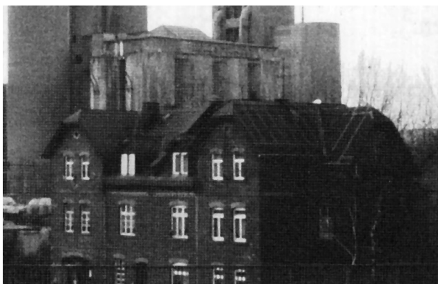
Wetzlarer Gewerkschaftshaus des DMV an der Überführung

Im Einwohnerbuch Wetzlars, das im Juni 1933 erschien, wurde der ADGB mit keinem Wort mehr erwähnt, was die Jahre zuvor stets der Fall war. Untermauert wird damit die lange und penible administrative Planung der Gewerkschaftsbekämpfung. Das Gewerkschaftshaus der Metallarbeiterverbandes (DMV) samt dem ADGB-Büro in der Überführung 1-3 (heute: Niedergirmeser Weg) musste während der Reichstagswahlen am 5. März bewacht werden. Die Angst vor Übergriffen durch SS und SA war zu groß. Trotzdem kam es nach der Wahl zu Plünderungen und Sachbeschädigungen des Hauses. Am 2. Mai okkupierten schließlich die zuständigen NSDAP-Kreis- und Ortsgruppenleiter die Gewerkschaftshäuser im Deutschen Reich – so auch in Wetzlar. Fortan richtete die der NSDAP unterstellte DAF ihr Büro im Gewerkschaftshaus Wetzlar ein.
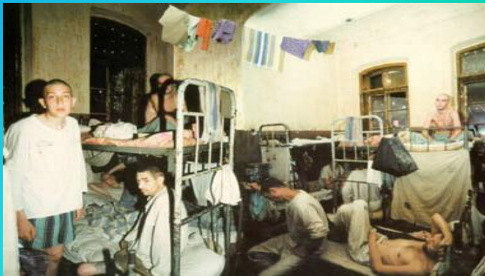
Лица, отбывающие наказание в местах лишения свободы
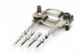
Schirmanschluss für zwei geschirmte Leitungen, inkl. zwei lose Buchsen-Crimpkontakte für PROFIBUS-Leitungen.

Bitte beachten Sie, dass die hier angegebenen Daten dem Online-Katalog entnommen sind. Die vollständigen Informationen und Daten entnehmen Sie bitte der Anwenderdokumentation. Es gelten die Allgemeinen Nutzungsbedingungen für Internet-Downloads. ( http://download.phoenixcontact.de )
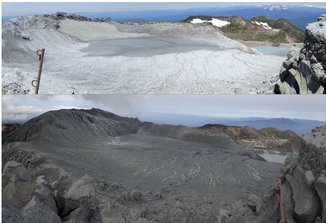
写真1 剣ヶ峰山頂から一ノ池を望む。
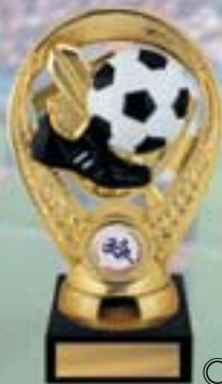
PS612 15,5 см —В <BN>
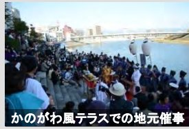
かのがわ風テラスでの地元催事
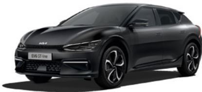
Auroraschwarz Metallic (ABP)
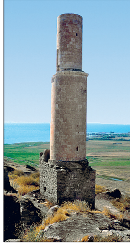
Van İckale (Süleyman Han) Cami'i'nin minaresi

Van Kalesi, Van ovasının ortasında yükselen yalçın kayalığın üzerindeki iç kale
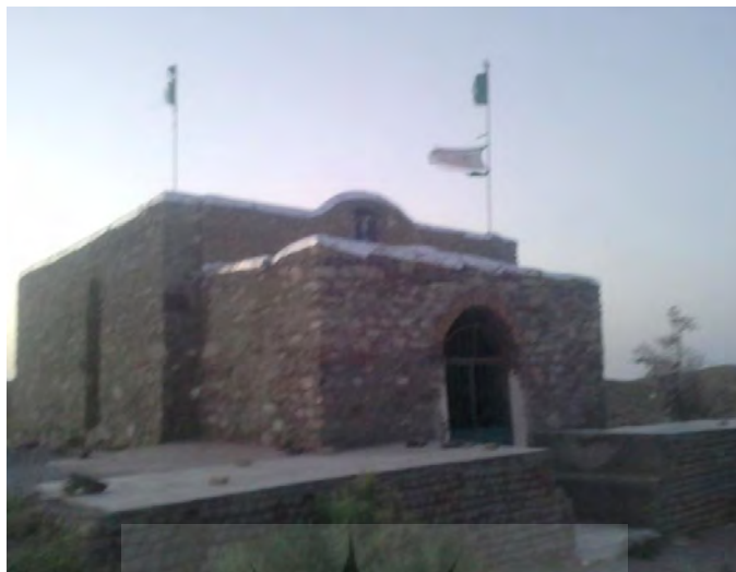
نمایی از ساختمان تازه ساز بقعه جوانمرد علی ۳ تیر ۱۳۹۲
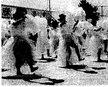
お母さんたちも大奮闘した、応援合戦
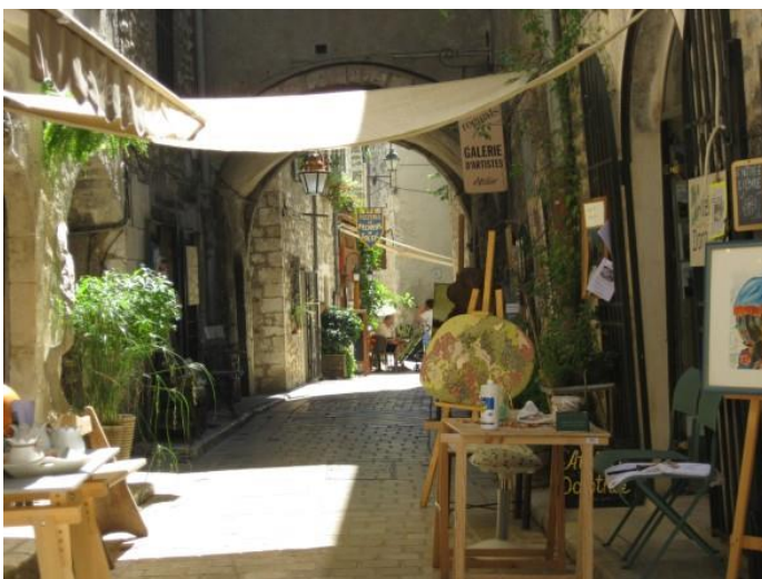
Gasse in der Altstadt von Vence mit Künstlerateliers
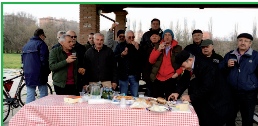
dopo il lavoro un meritato ristoro
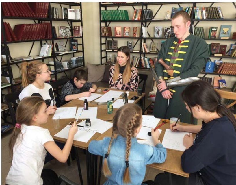
Фото 17. Мастер-класс по церковнославянской письменности в читальном зале информационно-ресурсного отдела Культурно-исторического центра

ной основе открытые мастер-классы по церковнославянской письменности для всех желающих.
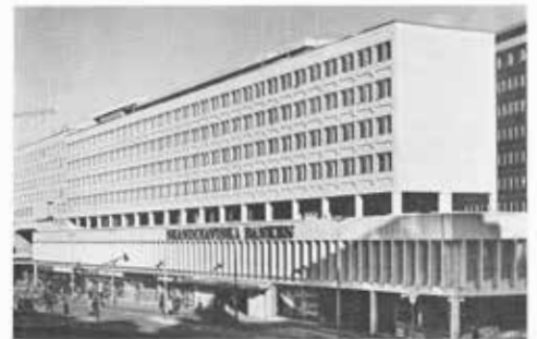
□ Fasaderna med Sergels torg.
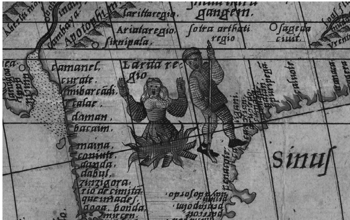
Imagen 4. Detalle de la miniatura incluida en el planisferio, de Sebastián Caboto de 1544
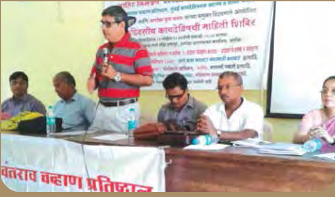
कायदेविषयक सहाय्य व सल्ला फोरम च्या वतीने सामाजिक कार्यकर्ते, युवक, युवती आणि महिला यांच्यासाठी 'एकदिवसीय कायदेविषयक माहिती शिबिर' आयोजित करण्यात आले होते.
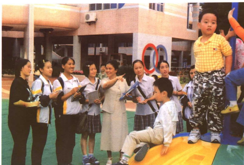
指导学生观察幼儿
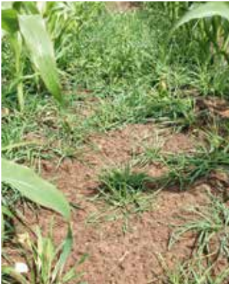
Pflanzen im Bestand
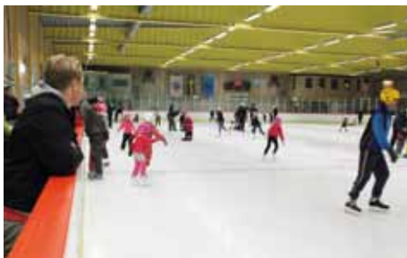
Mycket folk. Ishallen är öppen för allmänheten på fredag kväll, lördagar och söndagar.

Allmänhetens åkning: www.harryda.se/ishall 31 oktober - 31 mars Fredagar kl. 18.30-20.00 Lördagar och söndagar kl. 12.00-13.30.

····················

→ **Exercise directions**:
Nothing but the lines from the line containing "Pflanzen im Bestand" through the last line of the material may be output, and they must be copied exactly, without pictures.

→ **Solution to this task**:
Pflanzen im Bestand
Mycket folk. Ishallen är öppen för allmänheten på fredag kväll, lördagar och söndagar.

Allmänhetens åkning: www.harryda.se/ishall 31 oktober - 31 mars Fredagar kl. 18.30-20.00 Lördagar och söndagar kl. 12.00-13.30.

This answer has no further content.